Lipid composition influences the shape of human low density lipoprotein in vitreous ice.

作者信息

Coronado-Gray Andrea, van Antwerpen Rik

机构信息

Department of Biochemistry, Medical College of Virginia Campus, Virginia Commonwealth University, Richmond, Virginia 23298, USA.

出版信息

Lipids. 2005 May;40(5):495-500. doi: 10.1007/s11745-005-1409-x.

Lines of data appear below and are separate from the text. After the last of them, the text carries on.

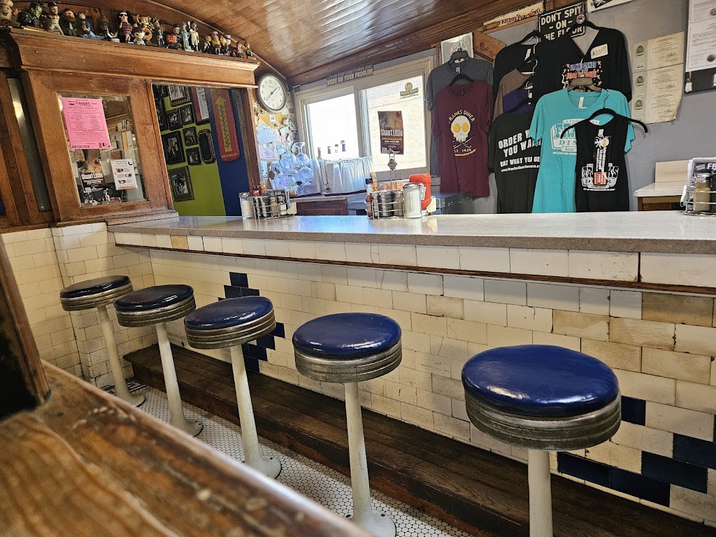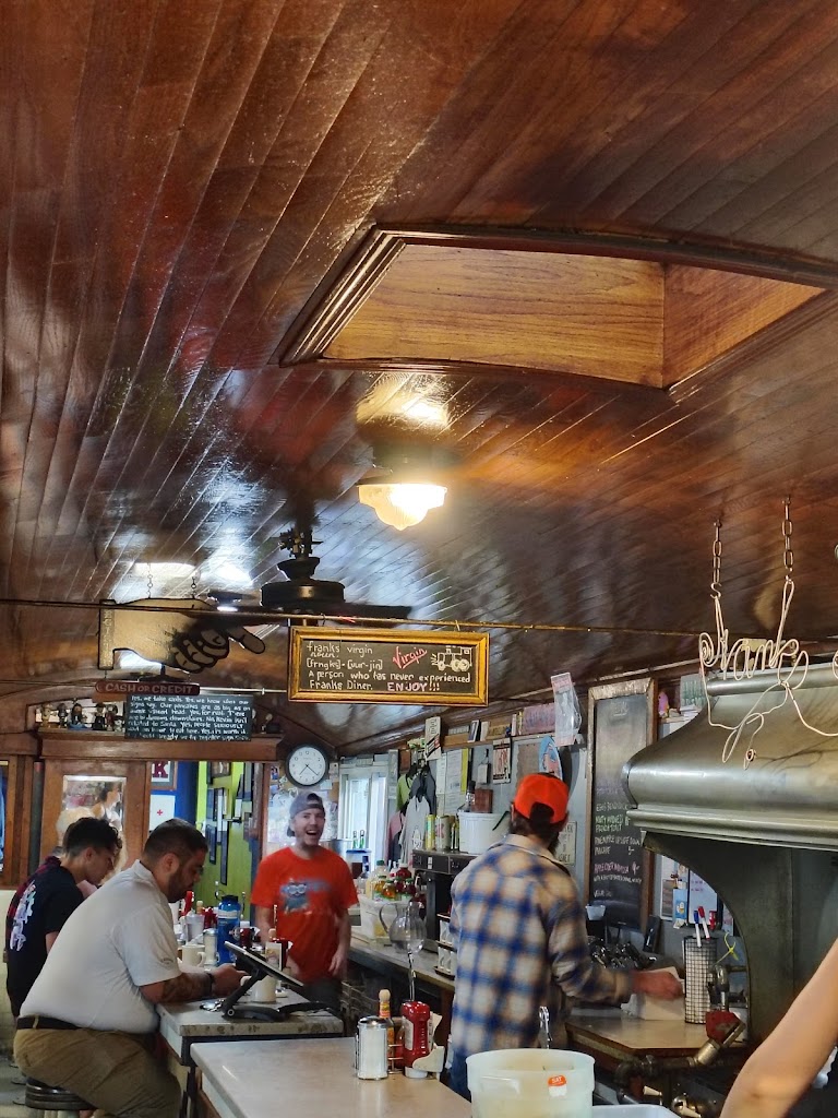 This diner is one-of-a-kind! I enjoy the great atmosphere and vibe from the staff. My favorite is the B's & G's, but today the chalkboard said the soup was Bacon Cheeseburger!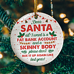 Shop Dear Santa All I Want For-Christmas Is a Fat Bank Account Christmas Circle Porcelain Ceramic Ornament Keepsake.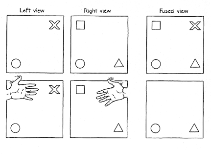 To test how motion can selectively erase part of a view, Duensing and Miller arranged for an observer to see two fields containing shapes [left]. When hands were waved in the upper left of the left-eye view and the upper right of the right-eye view, the top half of the fused view was immediately erased. Any of the geometric shapes could be erased by moving a hand through the corresponding field of view for the opposite eye. In a related test an observer saw a different face with each eye. If the faces were stationary, they could be partially fused. When part of one face moved, the corresponding part of the other face disappeared. For example, if one person rolled his eyes, the other person's eyes disappeared. If both people rolled their eyes, fusion was reestablished, with the perplexing result that two irises moved in each of the two eye sockets of the composite face. In binocular viewing one eye dominates the other in determining what perspective is brought to consciousness. Test yourself by focusing on a nearby object. Close your left eye and note the perspective your right eye has of distant objects. Repeat the procedure using only your left eye. With both eyes open, which of the monocular perspectives more closely matches the perspective of the distant objects now seen binocularly? In my case the left eye usually dominates. In the Cheshire-cat effect does a wave of a hand in the field of view of the dominated eye erase the view of the dominant eye as readily as the other way around? For me it does. A few of the people I tested report that erasure is more easily triggered by motion in one view than it is in the other. Erasure can be modified by the illumination of the two scenes. Duensing and Miller found erasure is more complete when the background seen by one eye is bright. If the face is also well illuminated and the observer fixes his gaze on the eyes, the eyes will end up glowing when a hand is waved through the other scene.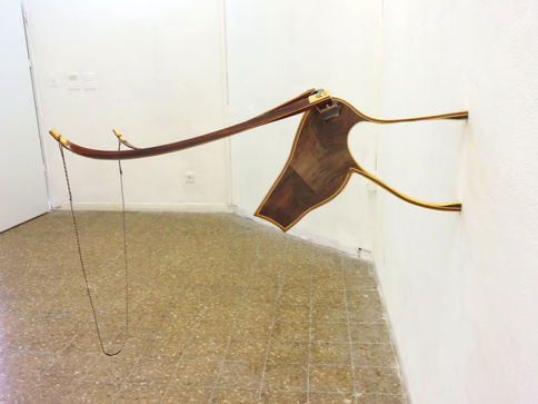 as an amateur bow builder and archer, im interested in the connection between hunting and the meat industry. the way that hunting seem irrelevant today and looks brutal and cruel as for the modern meet industry became the more humane way of consuming meat. i tried to connect the cow wich is a symbol of the modern meat industry, back to its ancient ancestors who were hunted by prehistoric man, some time with a bow and arrow which are also present in the installation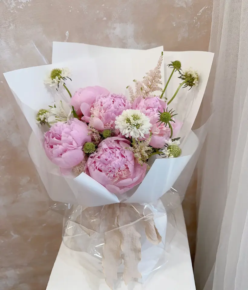 Peony bouquets captivate with their lush, full blooms and romantic allure. Known for their luxurious appearance, they bring a sense of elegance and prosperity to any occasion.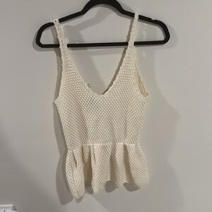 A thick crochet knit tank is juxtaposed with a flirty peplum hem to create a flattering silhouette.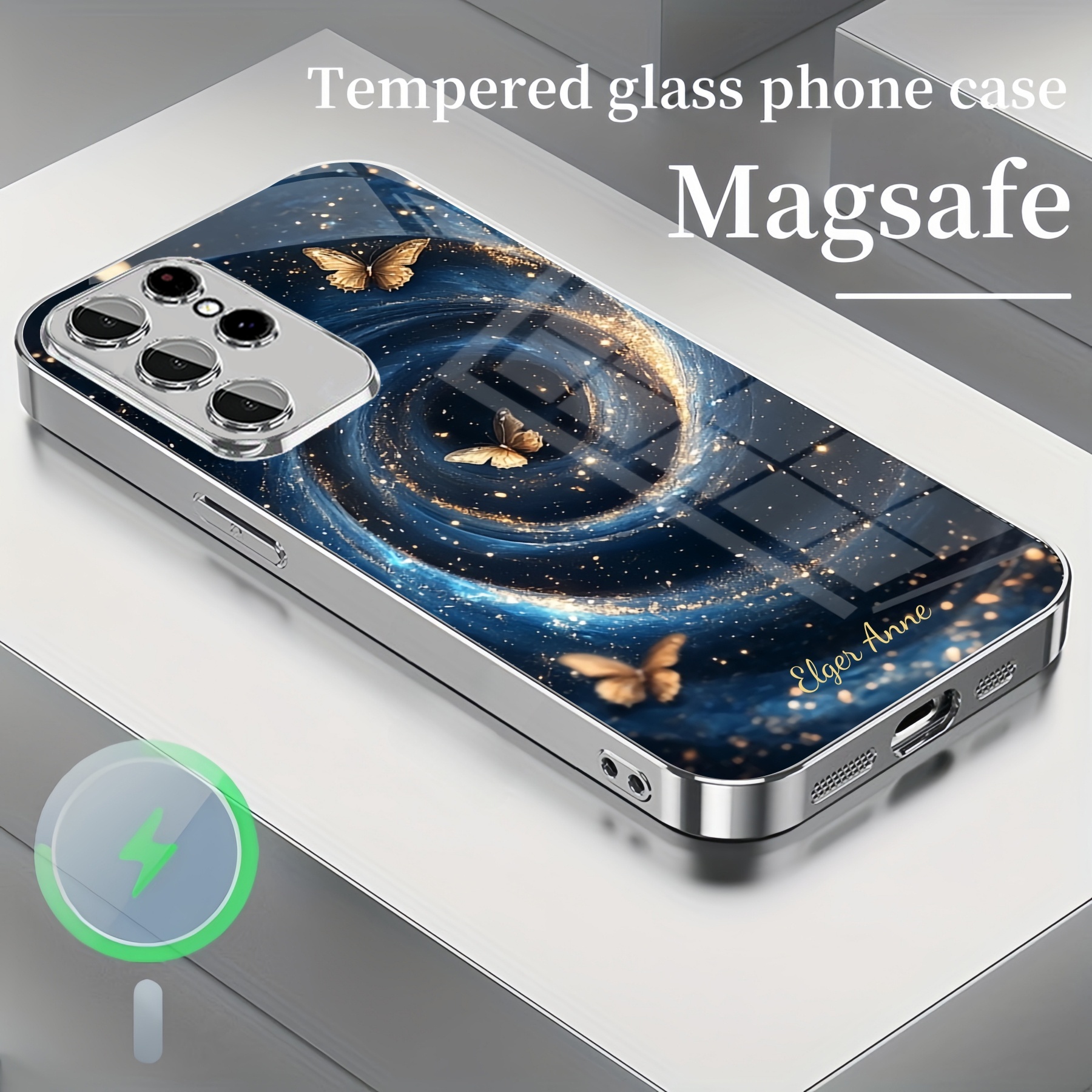 Personalized Galaxy Butterfly Magsafe Tempered Glass Plating Case

DOI:10.1007/s11745-005-1409-x
PMID:16094859
原文链接:https://pmc.ncbi.nlm.nih.gov/articles/PMC1249495/
Abstract

Earlier cryo-electron microscopic studies have indicated that the normal low density lipoprotein (N-LDL) has a discoid shape when its core is in the liquid-crystalline state. In the present study, we investigated whether the shape of LDL depends on the physical state and/or the lipid composition of the lipoprotein core. Using a custom-built freezing device, we vitrified NLDL samples from either above or below the phase-transition temperature of the core (42 and 24 degrees C, respectively). Cryo-electron microscopy revealed no differences between these samples and indicated a discoid shape of the N-LDL particle. In contrast, TG-enriched LDL (T-LDL) did not have discoid features and appeared to be quasi-spherical in preparations that were vitrified from either 42 or 24 degrees C. These results suggest that the shape of NLDL is discoid, regardless of the physical state of its core, whereas T-LDL is more spherical. Aspects that may influence the shape of LDL are discussed.

摘要

早期的冷冻电子显微镜研究表明,正常低密度脂蛋白(N-LDL)在其核心处于液晶态时呈盘状。在本研究中,我们调查了LDL的形状是否取决于脂蛋白核心的物理状态和/或脂质组成。使用定制的冷冻装置,我们分别在核心的相变温度以上或以下(分别为42和24摄氏度)对N-LDL样品进行玻璃化处理。冷冻电子显微镜显示这些样品之间没有差异,并表明N-LDL颗粒呈盘状。相比之下,富含甘油三酯的LDL(T-LDL)没有盘状特征,在从42或24摄氏度进行玻璃化处理的制剂中似乎呈准球形。这些结果表明,无论其核心的物理状态如何,N-LDL的形状都是盘状的,而T-LDL则更呈球形。文中讨论了可能影响LDL形状的因素。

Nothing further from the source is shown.